Place onto plates, top with hot queso blanco dip, sprinkle with melty cheeses.
Now add as many quick pickled jalapenos as you like, a dash of cilantro, and serve…
- 4 Steaks for grilling (New York Strips, Rib-eye, T-bone, or Sirloin are all great choices)
- 1-2 T sunflower oil to coat the steaks in to adhere the seasoning mixture
- Steak Rub: Kosher Salt, Black Pepper, Garlic Powder, Onion Powder
- 4 jalapeno peppers
- 4 sweet red peppers (these come in bags of colorful peppers and aren’t spicy, you can also use spicy red jalapeno peppers if they are in season.)
- 1 ½ c. melting cheese for the top of the steaks: chihuahua cheese, pepper jack, monterey jack, asadero cheese
- Quick Pepper Pickle:
- 1 c. red wine vinegar
- ¼ c. sugar
- 4 t. salt
- 3 cloves
- 2 t. Mexican oregano
- Queso Blanco:
- 2 T butter
- 1/2 white onion
- 2 jalapenos, small dice, seeds reserved for adding in as needed
- 1 beefsteak tomato, chopped
- 3 garlic cloves, pressed through a garlic press
- 1 c. half and half
- 1 lb. white American cheese from the deli (Boar’s head preferred)
- Extra Items Needed: Charcoal, Grilling tools, etc.
Lay out the steaks and coat them on both sides with oil. Season
liberally with the kosher salt, black pepper, onion powder, and garlic powder. Reserve.
For the quick pickled peppers, slice both the jalapeno and sweet
red peppers into thin coins (the thinner the better). Place all the peppers
into a large shallow bowl.
Into a small saucepan add all of the ingredients for the pickle
brine and bring to a simmer. Pour the hot brine over the peppers and let them
soak while you make the queso.
For the queso, Heat the butter in a large saucepan over
low-medium heat. Add the onion and jalapeno, cook 3-4 minutes. Add the tomato
and garlic and cook an additional 3-4 minutes. Pour in the half and half,
Dice the white American cheese into squares (or if you have slices
just cut it into squares) and gently melt it into the hot half and half and
vegetable mixture. Stir well until it looks like queso! You can thin with water
or additional half and half if needed. Reduce the heat to very low and stir
occasionally to keep the bottom from burning.

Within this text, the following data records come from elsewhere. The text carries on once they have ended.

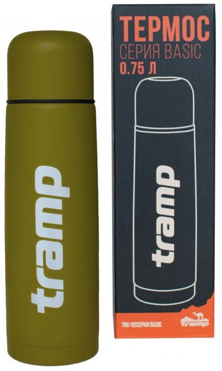 Термос Tramp "Basic 0.75 л", TRC-112, нержавеющая сталь/пластик, с пробкой и крышкой-чашкой, оливковый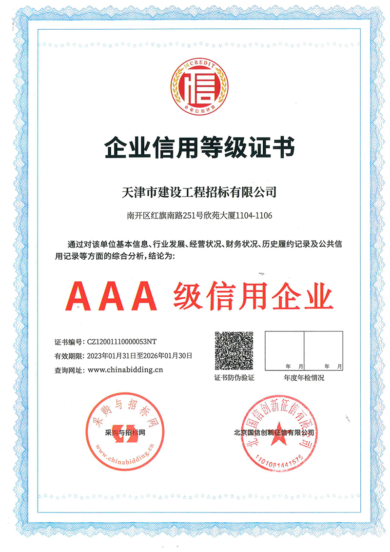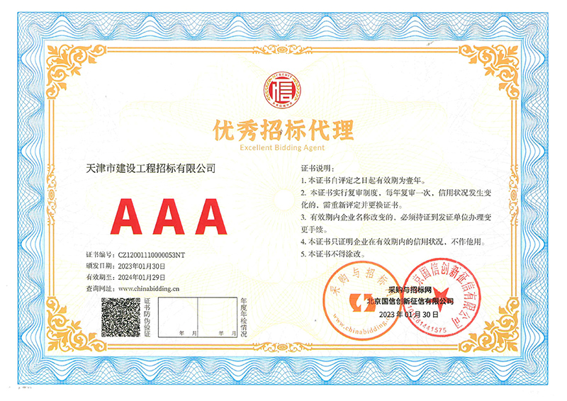 近日,從天咨公司下屬招標公司傳來喜訊,招標公司在采購與招標網以及北京國信創新征信有限公司聯合組織的企業信用等級等有關評選中,獲評3A級信用企業和3A級優秀招標代理企業。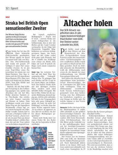 Der SCR Altach verpflichtet den 21-jährigen Innenverteidiger Paul Koller vom GAK. Der Steirer unterschreibt bis 2026.

Start the charcoal in your grill and when you’re ready place the
steaks onto the grill. Cook to desired doneness. For our steaks we grilled
about 4 min on each side. Remove to a large platter and let the steaks rest 10
min before serving.
To serve, place a steak on each plate. Top with a ladle of queso
blanco, top with cheese, then top with pickled peppers. The cheese will melt on
top of the hot queso and create and wonderful topping for your steak. Enjoy!